Carrefour entre circulations terrestre et maritime, Istanbul fut le centre obligé des empires qui ont dominé les Balkans, l'Anatolie, les rivages de la Mer Noire et ceux de la Méditerranée orientale. Il n'y a guère plus d'un siècle qu'Istanbul a véritablement débordé de son site initial. Paradoxalement ce n'est pas vers l'intérieur des terres que la ville s'est étendue depuis lors. Elle a franchi la Corne d’or, puis le Bosphore. Telle qu'elle se présente aujourd'hui, l'agglomération s'étire sur des dizaines de kilomètres le long de la mer. D'abord concentrée autour d'un promontoire et d'un bras de mer, Istanbul est devenue une ville linéaire. Scindée en grands fragments, elle présente d'interminables façades côtières, quelquefois en vis-à-vis, structurées par des avenues sans fin. Ville narcissique, Istanbul se regarde elle-même et garde toujours la mer comme point de mire.

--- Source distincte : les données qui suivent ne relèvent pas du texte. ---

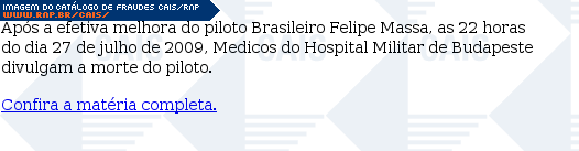 | comentário | Fraude com notícia falsa dizendo que o piloto brasileiro Felipe Massa acabara de morrer. O link fornecido para a matéria completa leva a conteúdo malicioso não disponível no momento da análise. | |
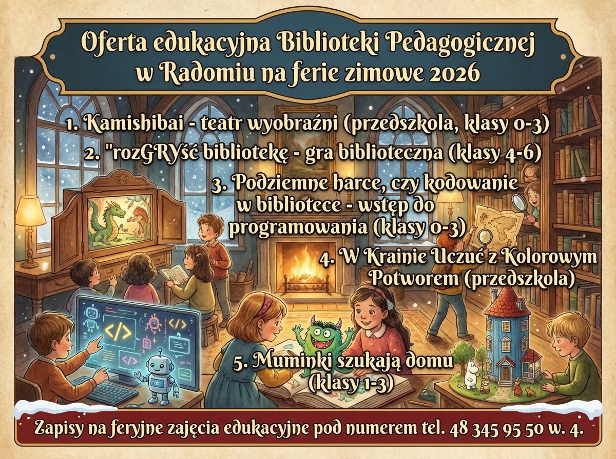 Zapisy na edukacyjne zajęcia feryjne przyjmowane są pod numerem telefonu 345 95 50 w. 4.
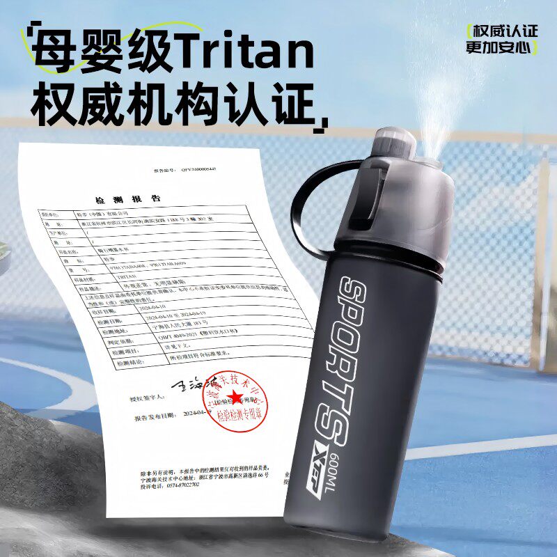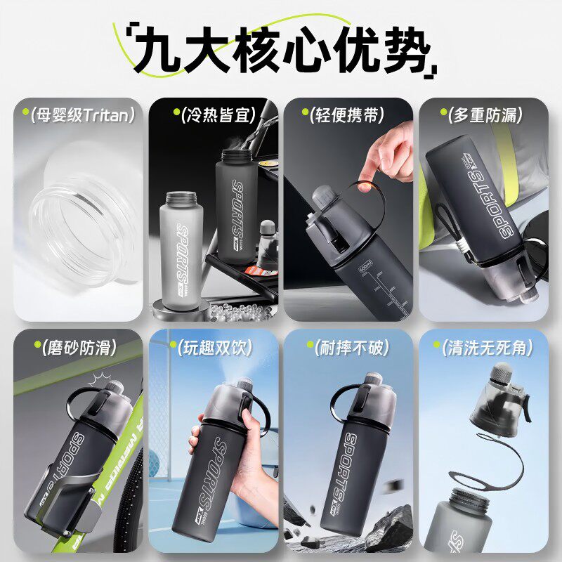 特步喷雾水杯儿童学生户外专用夏季补水降温大容量便携式水壶骑行
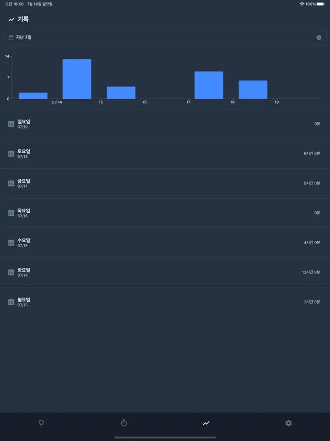 당신이 노력한 시간, 과거 7일간, 과거 14일간의 기록을 막대 그래프로 확인할 수 있습니다. 목표 시간을 만들면 성취감이 더욱더 커질 겁니다! 디폴트 테마에 질리셨다면 다크 모드로 기분 전환을 해 보세요. 기분 전환도 중요합니다.
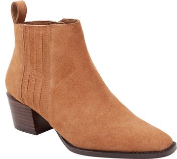 Tapering at the stacked heel and square toe lends a refined look to this essential bootie featuring foam cushioning and flexible goring at one side.
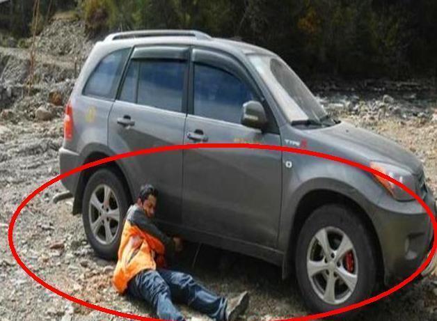 如果车上没有千斤顶,而在路上又遇到了爆胎,尤其是在自驾游远行的途中,那么该怎样换胎呢?接下来就介绍一种方法给大家, 换车轮胎,首先就要想办法让车胎离地悬空,这时候需要准确的找到受力点,然后支撑起来。一般汽车底盘受力点可以选择车胎一侧的前保险杆。
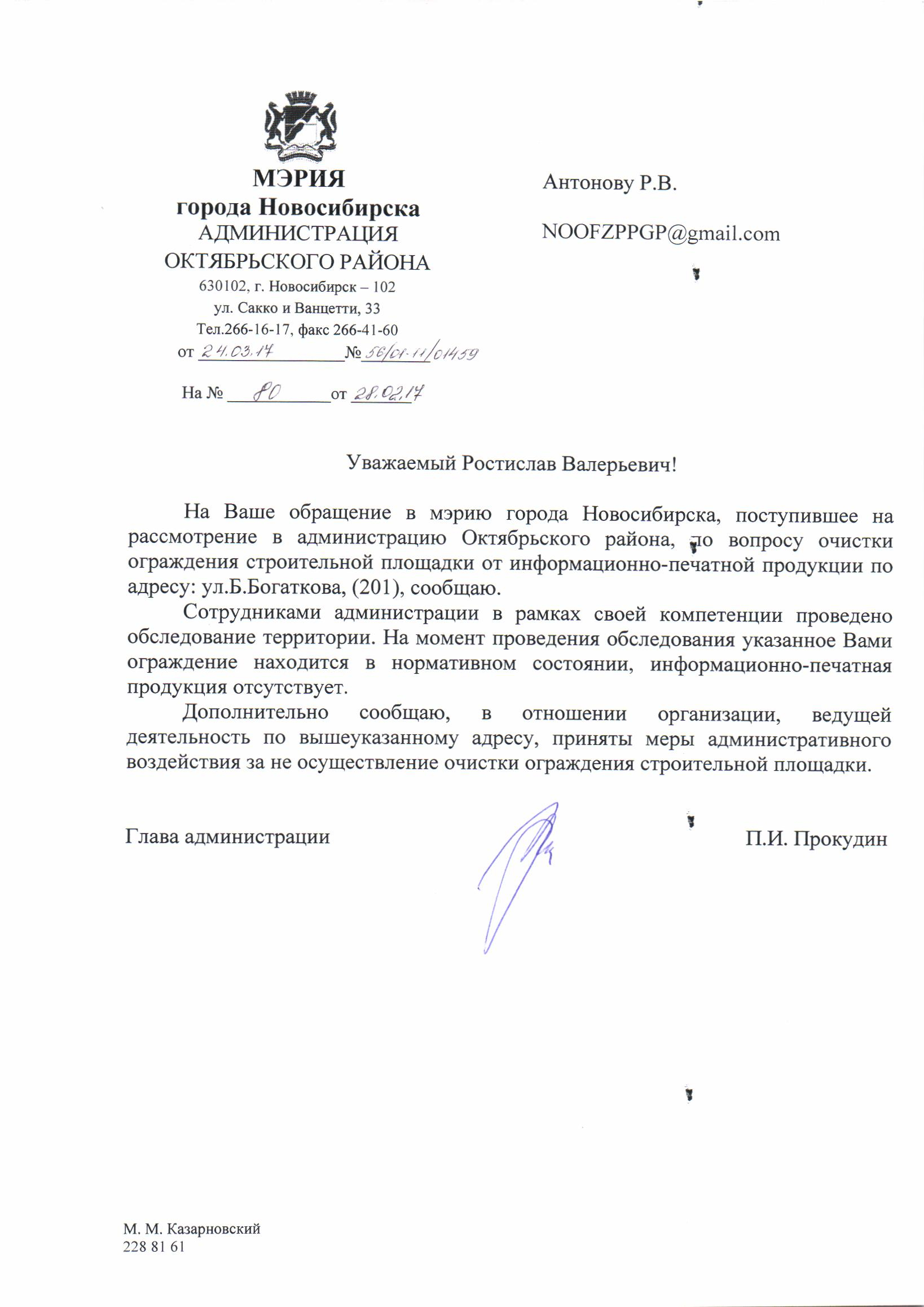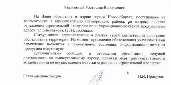 Номер жалобы:14843 Тип жалобы:Иные проблемы ЖКХ Название объекта:Управляющая Компания Город:Новосибирск Адрес:Новосибирск, улица Бориса Богаткова, 201 Описание жалобы:На заборе объявления Статус:
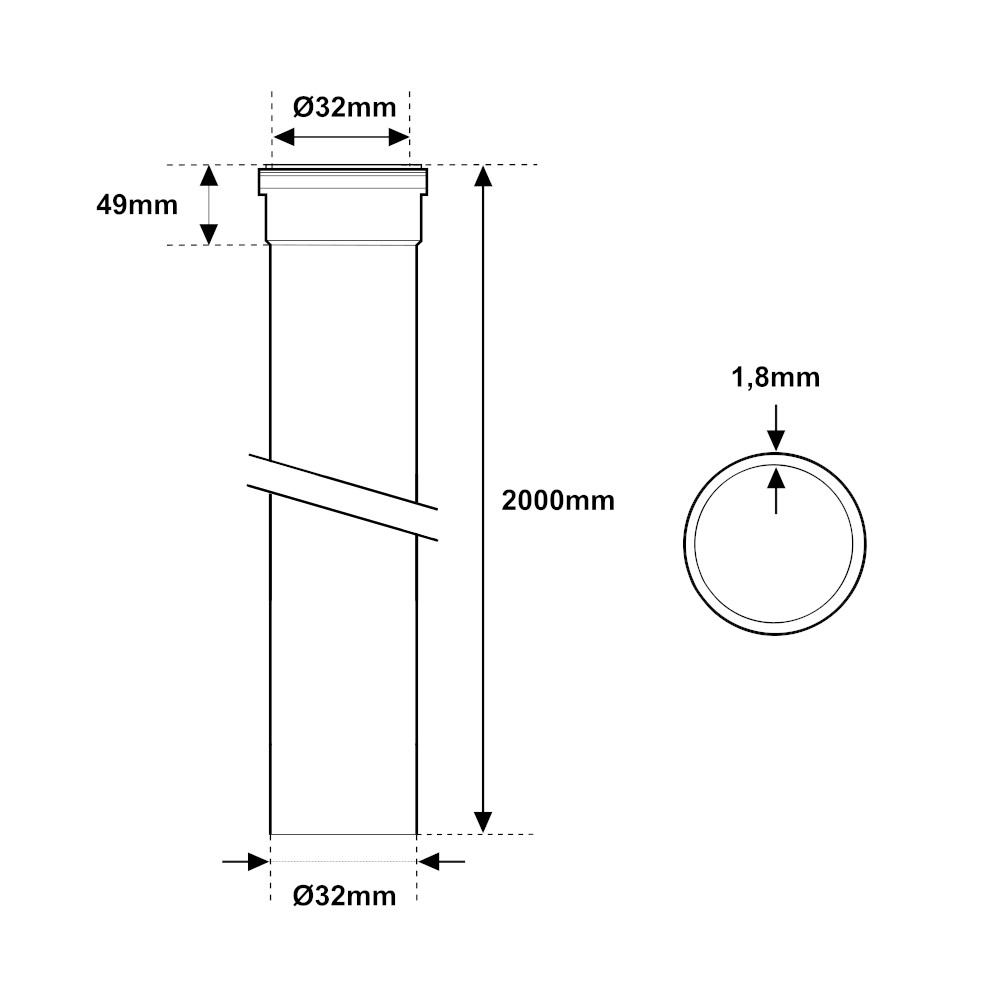 Il sistema in polipropilene grigio ad innesto è utilizzato per la realizzazione di impianti di scarico, drenaggio, ventilazione e trattamento delle acque reflue. Il tubo presenta un attacco maschio con diametro Ø32mm da un lato, e un attacco femmina con diametro Ø32mm dall’altro. Il tubo ha una lunghezza di 2000mm. Il raccordo sfrutta il sistema a bicchiere con guarnizione idraulica, il quale sistema garantisce una solida tenuta senza perdite. Inoltre questo sistema previene le dilatazioni dovute alle variazioni della temperatura.
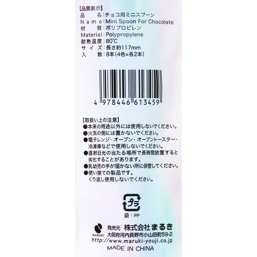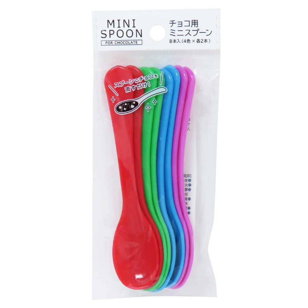 チョコレート用のミニスプーン。 4色×各2本、計8本入。 電子レンジ、オーブン、オーブントースター、冷凍庫など使用不可。 使い捨ての製品です。 耐熱温度:80℃
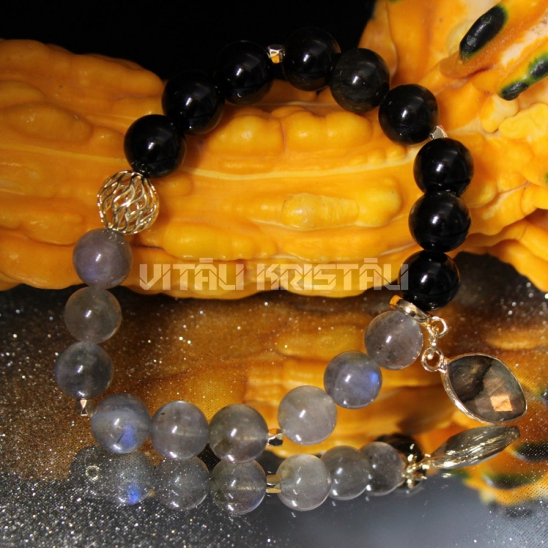 Obsidiāns zeltains, labradorīts 10 mm aproce izmērs 16
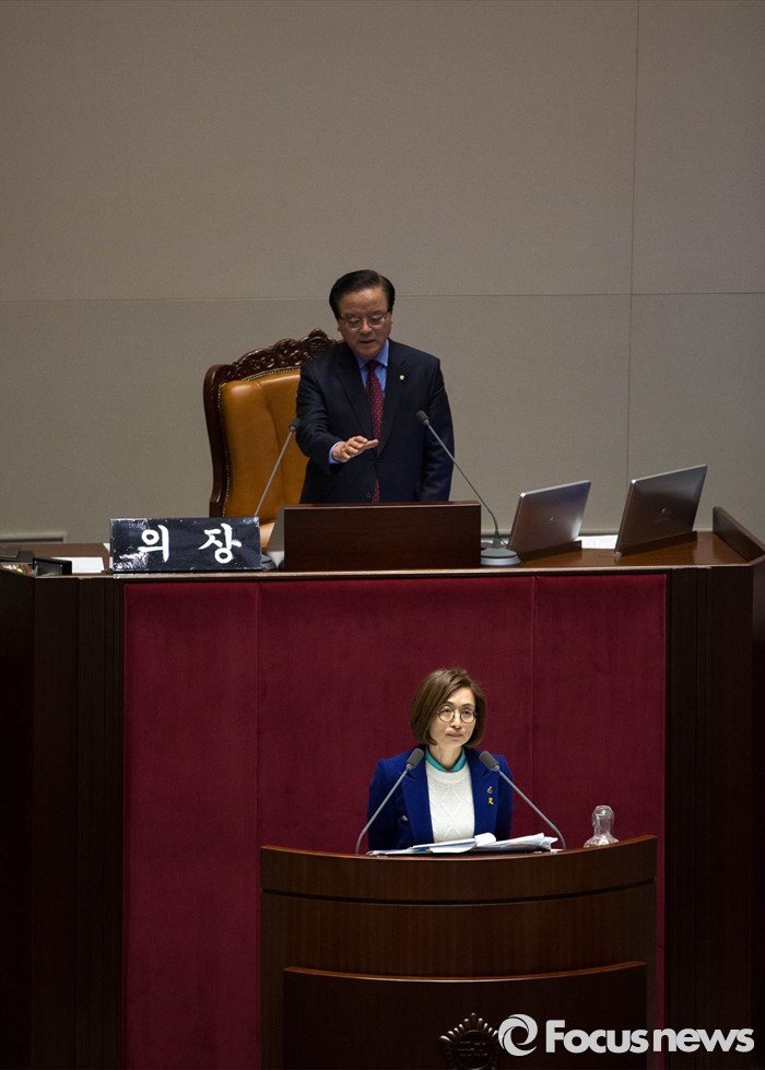 (서울=포커스뉴스) 은수미 더불어민주당 의원이 24일 오전 서울 여의도 국회 본회의장에서 대테러방지법 처리를 막기 위해 필리버스터를 하는 동안 정갑윤 국회부의장이 연설 주제에 대해 지적하고 있다.

Depuis le XVIe siècle, d'innombrables gravures panoramiques ont célébré cette fabuleuse silhouette, banalisée de nos jours par les chromos des cartes postales. Cependant, l'étirement de l'agglomération, comme sa division à grande échelle, contribue à allonger les circulations terrestres, tout en favorisant une circulation maritime encore dense. Mais, même à petite échelle, au niveau du tissu urbain, la ville est aussi très fragmentée. Le relief fortement ondulé, quoique peu élevé, isole les quartiers les uns des autres par des pentes très raides ou des cassures brusques. Car il fallait que, comme Rome, la ville mère, Istanbul s'étende sur sept collines : en réalité six avancées d'une dorsale entrecoupée de talwegs du côté de la Corne d’or, plus une vraie colline du côté de la Marmara. Sur ce site, la ville a défié le temps mais aussi une succession de grands souverains qui ont su dominer le monde plus que leur capitale. En dehors des grands axes et des grands ensembles prestigieux, le dédale des rues et des quartiers a conservé son autonomie et protégé les habitants contre les tentatives de mise en ordre du pouvoir. Aux avenues et aux églises byzantines ont succédé les külliye ottomanes, les lotissements après incendies, mais ces remaniements ponctuels n'ont été véritablement remis en cause que par les percées de la fin du XIXe et de la première moitié du XXe siècle. Une sorte d'haussmannisation avait commencé, que la ville continue à subir. Elle se propose même de la faire revivre, après une halte de quelques années qu'elle n'a pas mise à profit pour renouveler ses conceptions urbanistiques.

Néanmoins, sa silhouette découpée par les colonnes antiques, les coupoles byzantines ou les minarets ottomans a partiellement survécu grâce à des règlements pour une fois protecteurs. De cette histoire, continue et chaotique, d'une ville débordant son site ou flottant dans ses trop grandes murailles, tout ne peut être dit. Des moments ou des thèmes sont à privilégier, où des structures se mettent en place ou se défont ; des processus sont à déceler qui font son originalité ; des architectures sont à révéler, jusqu'alors méprisées ou ignorées, car jugées bâtardes ou décadentes. Bien des guides oublient les monuments néoclassiques et les chefs-d’oeuvre de l'Art Nouveau, ou même certaines petites mosquées signées de grands architectes, pour mieux détailler des mosaïques byzantines ou des salles de musées. Une histoire urbaine, qui reste, il est vrai largement à écrire, servira de fil conducteur au voyage à travers les quartiers et les architectures d'Istanbul.